Tennessee House Republicans approved legislation on Tuesday permitting certain trained teachers and school staff to carry handguns, defying calls from Democrats, students, and gun-reform advocates to reject the bill.

Following the bill’s passage, dozens of protesters in the galleries chanted “Blood on your hands,” prompting House Speaker Cameron Sexton, R-Crossville, to instruct state troopers to clear the galleries. Chaos ensued on the House floor as protesters continued chanting and expressing discontent.

The bill is expected to become law within weeks, as Gov. Bill Lee can either sign it into law or allow it to become law without his signature. Notably, Lee has never vetoed a bill during his tenure.

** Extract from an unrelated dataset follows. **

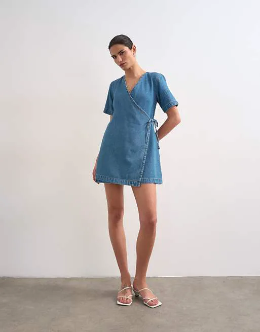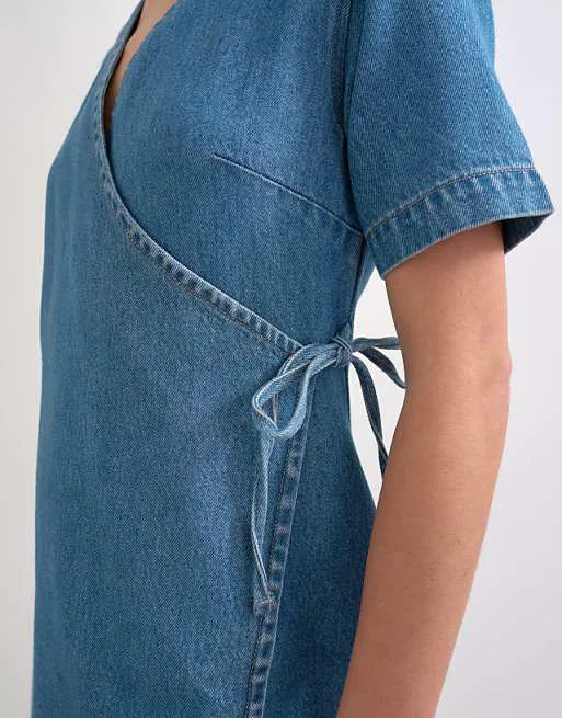 Представляем вашему вниманию стильное голубое джинсовое платье мини с запахом от известного бренда Topshop. Это платье станет прекрасным дополнением к вашему гардеробу, подчеркивая вашу женственность и безупречный вкус.

Under the legislation, armed teachers will undergo training and be permitted to carry handguns in classrooms and most campus settings without notifying parents or most colleagues.

Democrats made several unsuccessful attempts to amend the bill, including proposals to require handguns to be locked up except during security breaches and to inform parents about guns on campus.

House Democratic Caucus Chair John Ray Clemmons, D-Nashville, expressed grave concerns about the bill, calling it a “disaster and tragedy waiting to happen” if personal responsibility measures are not ensured.

Proponents of the bill argue that trained staff can enhance school security, particularly in rural areas with limited law enforcement resources. Last year, the General Assembly funded armed school resource officer positions in all Tennessee schools, but staffing challenges persist, with nearly 600 schools lacking a designated officer.

Rep. Ryan Williams, R-Cookeville, emphasized the permissive nature of the bill, stressing that schools are not mandated to allow guns on campus but must consider individual requests.

The bill, designated HB 1202/SB 1321, faced significant opposition in the Senate earlier this month, with parents of school shooting survivors, gun-reform advocates, and students lobbying against it. A Covenant School mom delivered a letter to the House with over 5,300 signatures urging lawmakers to reject the bill.

The bill’s opponents, including teacher and parent Lauren Shipman-Dorrance, expressed frustration over lawmakers’ handling of the debate and emphasized concerns about increased risks associated with firearms in schools.

In response to vocal protests during the House debate, Speaker Sexton warned of potential gallery clearance, later directing troopers to remove dissenting individuals from the ticketed gallery.

Shipman-Dorrance highlighted the broader implications of the bill, stating, “I’ve been teaching a long time. I’ve worked in a lot of schools where violence is a thing, even if a gun isn’t involved. And that will happen more if they pass this.”

The legislation’s passage underscored deep divisions and impassioned sentiments surrounding school safety and gun policies within the Tennessee legislature.